Assigned task: Could the listing below be returned exactly, with its pictures left out?

Information provided:
|---|

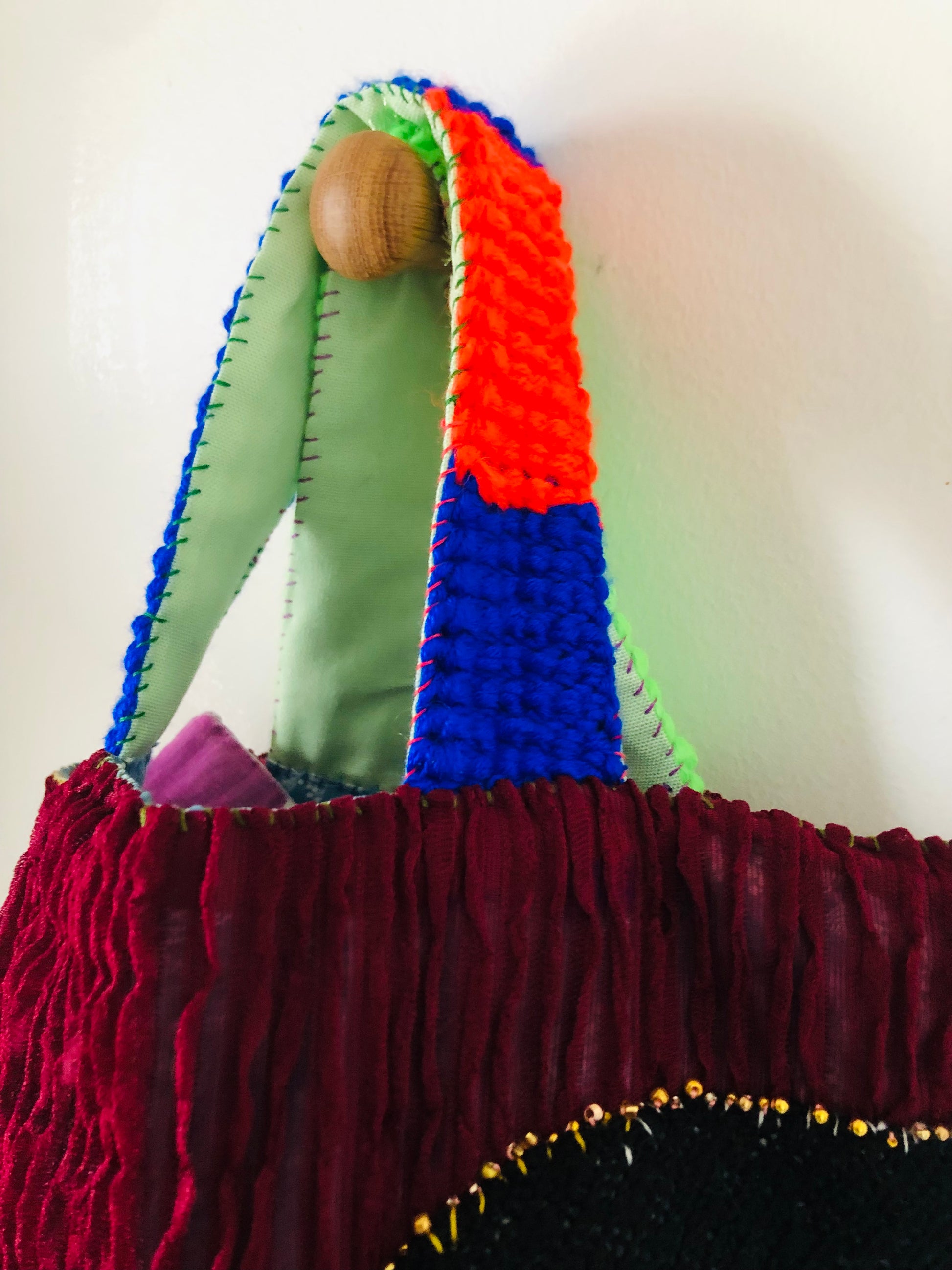 ⭕️持ち手は色々な糸でアフガン編みしました。補強してあるので伸びません。
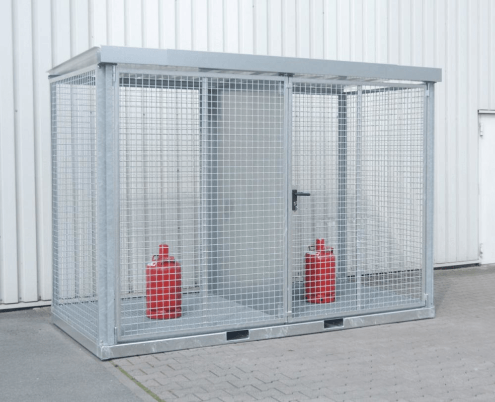 Gasflaschen-Container, mit Gitterrostboden • Stabile Rahmenkonstruktion: mit Dach und Boden • Oberfläche: feuerverzinkt nach EN ISO 1461 • Mit Gitterrostboden: Tragfähigkeit 1000 kg/m² • Flügeltor: abschließbar • Mit Einfahrtaschen: zur Aufnahme mit einem Gabelstapler Lieferung: Komplett montiert. Hinweis: Dieser Container ist geeignet zur Lagerung von Gasflaschen im Außenbereich nach TRGS 51
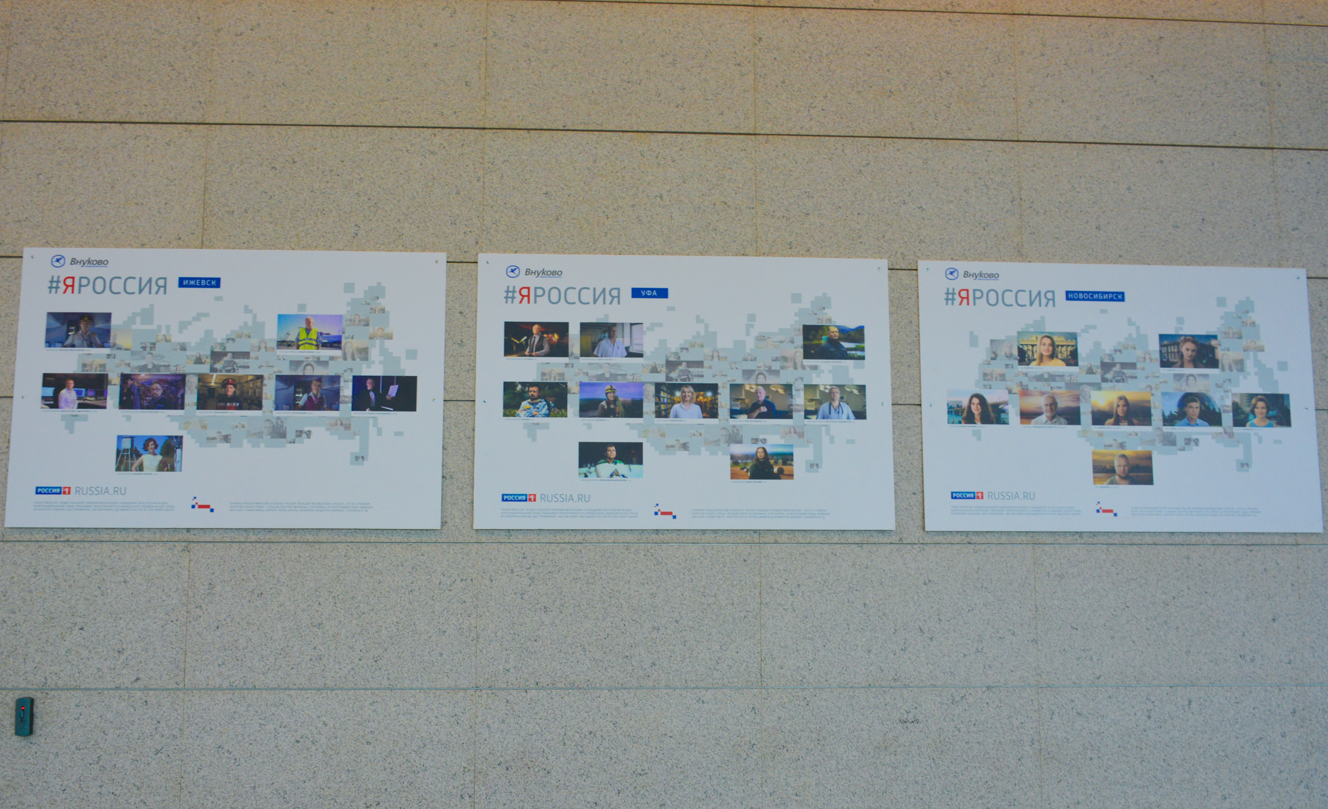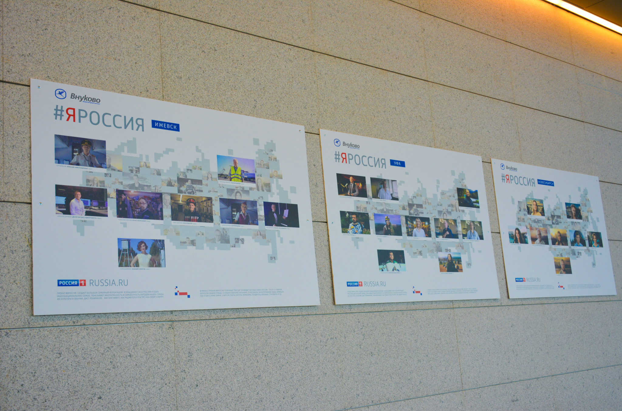 Телеканал «Россия 1» представил пассажирам и гостям аэропорта Внуково фотовыставку «ЯРОССИЯ». Экспозиция размещена на третьем этаже терминала А справа от бизнес-зала.

|---|

Answer section:
 ⭕️持ち手は色々な糸でアフガン編みしました。補強してあるので伸びません。
 Gasflaschen-Container, mit Gitterrostboden • Stabile Rahmenkonstruktion: mit Dach und Boden • Oberfläche: feuerverzinkt nach EN ISO 1461 • Mit Gitterrostboden: Tragfähigkeit 1000 kg/m² • Flügeltor: abschließbar • Mit Einfahrtaschen: zur Aufnahme mit einem Gabelstapler Lieferung: Komplett montiert. Hinweis: Dieser Container ist geeignet zur Lagerung von Gasflaschen im Außenbereich nach TRGS 51
 Телеканал «Россия 1» представил пассажирам и гостям аэропорта Внуково фотовыставку «ЯРОССИЯ». Экспозиция размещена на третьем этаже терминала А справа от бизнес-зала.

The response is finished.